Samsung, the company known for exploding stuff, is adding facial recognition to its flagship smartphone.
Bloomberg reported this week that sources have verified that the Galaxy S8 will use the biometric strategy to authenticate mobile payments, including through Samsung Pay. In addition to the facial recognition, it will also integrate fingerprint authentication and iris detection, and it’s working with banks to make it commercially a go, the sources said. Samsung itself declined comment to the outlet.
Which still leaves the question: Will it explode?
Samsung’s Galaxy Note 7 was famously, err, pyrotechnically challenged—prompting a global recall last October. The device’s batteries—which came from two different manufacturers—kept overheating and catching fire. Airlines banned them from even being placed in airplane mode—“Galaxy Note 7s must be switched entirely off for the duration of the flight,” the attendants nervously intoned. And while the airplane scenario is bad enough, really, who knew where you’d be when one of them spontaneously combusted? In the subway, in the beer aisle of the grocery store—the potential carnage was too much to consider.
It was a bad run for the Korean CE giant. But then came the washing machine problem. Late last year the company had to recall nearly three million top-loading washing machines after reports that they too were—you guessed it—exploding.
I think John Oliver summed up the brand’s issue nicely in a parody commercial on the latest Last Week Tonight.

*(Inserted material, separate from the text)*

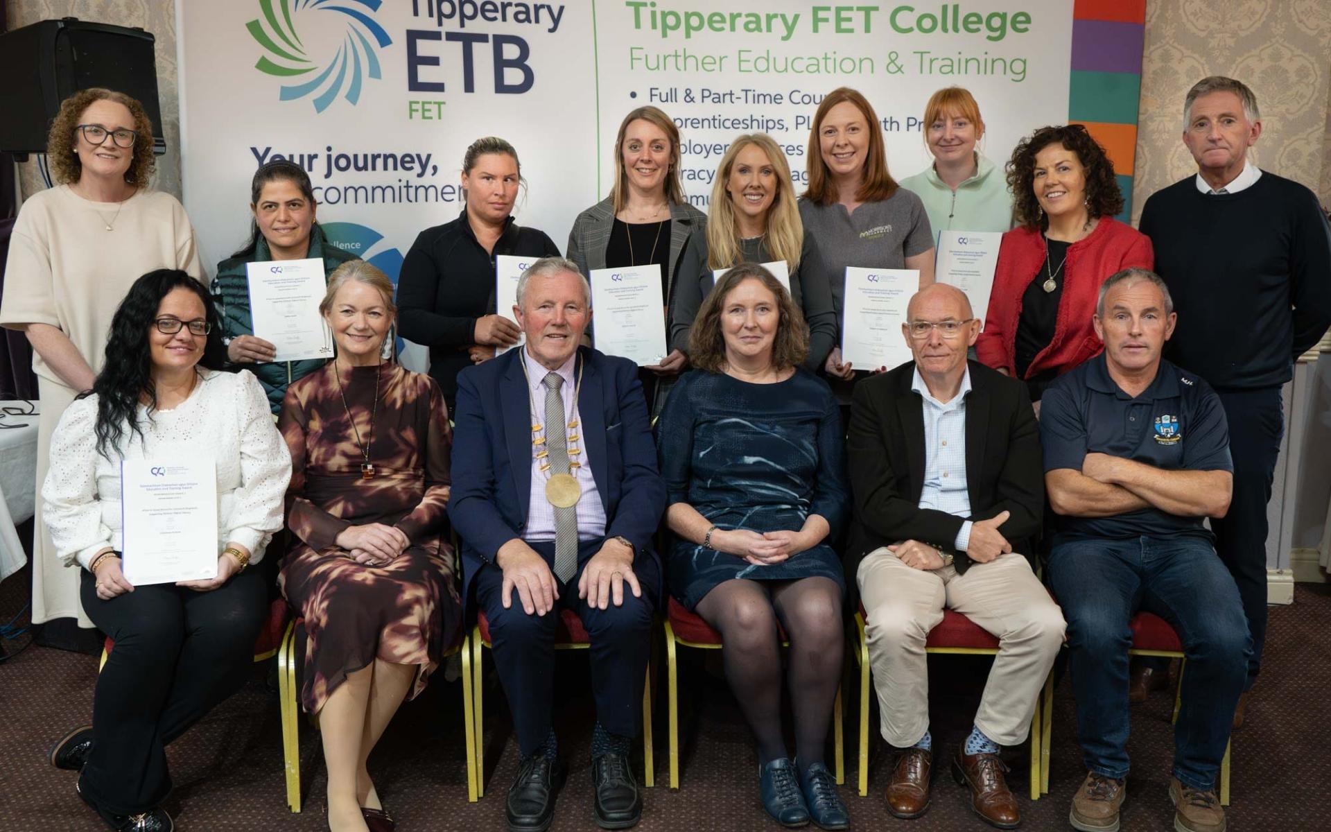 Tipperary FET College graduates of the Level 3 Family Learning course at the annual awards ceremony in Cahir on 23 October. Back L to R: Ann Marie Sweeney, Tipperary FET College; Amal Saad, Anne Marie Delaney, Sinead Halpin, Niamh Falvey, Tracey O'Connor, April St. John, Jacinta Byrnes, HSCL Bunscoil na Cathrach; Peter Cleary, Tipperary FET College. Front L to R: Siobhán Ronan, Mary Roche Cleary, Tipperary FET College; Roger Kennedy, Tipperary ETB Board Chairperson; Deborah Ryan, Tipperary FET College; Noel Colleran, Tipperary FET College; Martin Halpin, Caretaker Bunscoil na Cathrach.
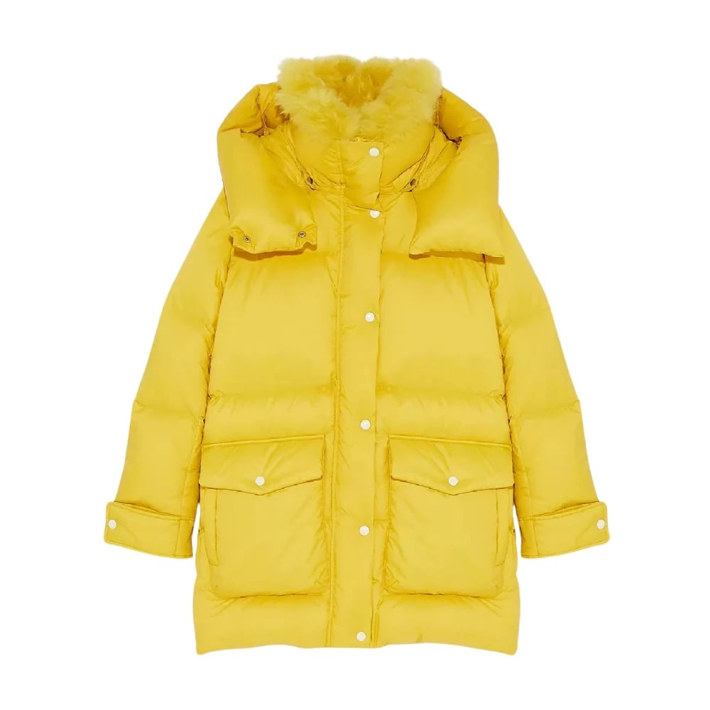Yves Salomon, Jakker , Dame, Gul, M, Uld, Gul Puffer Jakke med Uldkrave

Worse, on the washing machine front, Samsung decided to partner with TV provider DISH Network in the US to carry out the in-home repairs that apparently make getting the whites white safe again. Consumers reported that the satellite guys didn’t seem to know how to fix washing machines (imagine that) and also, in many instances, they tried to get them to buy satellite TV services. Truly ninth-circle stuff.
So, the question remains: If I have to hold my phone up to my face (let alone my freaking eye!) to be scanned in order to buy a pack of gum, what guarantee do I have that I won’t end up with third degree burns and lacerations that make your typical Bond villain look baby-faced? Ordinarily, with, say, an iPhone, I wouldn’t necessarily feel trepidation. But this is Samsung. And until proven otherwise, on the risk-reward scale, getting cozy with the Galaxy 8 for the purpose of biometric authentication doesn’t seem to be a very good roll of the dice.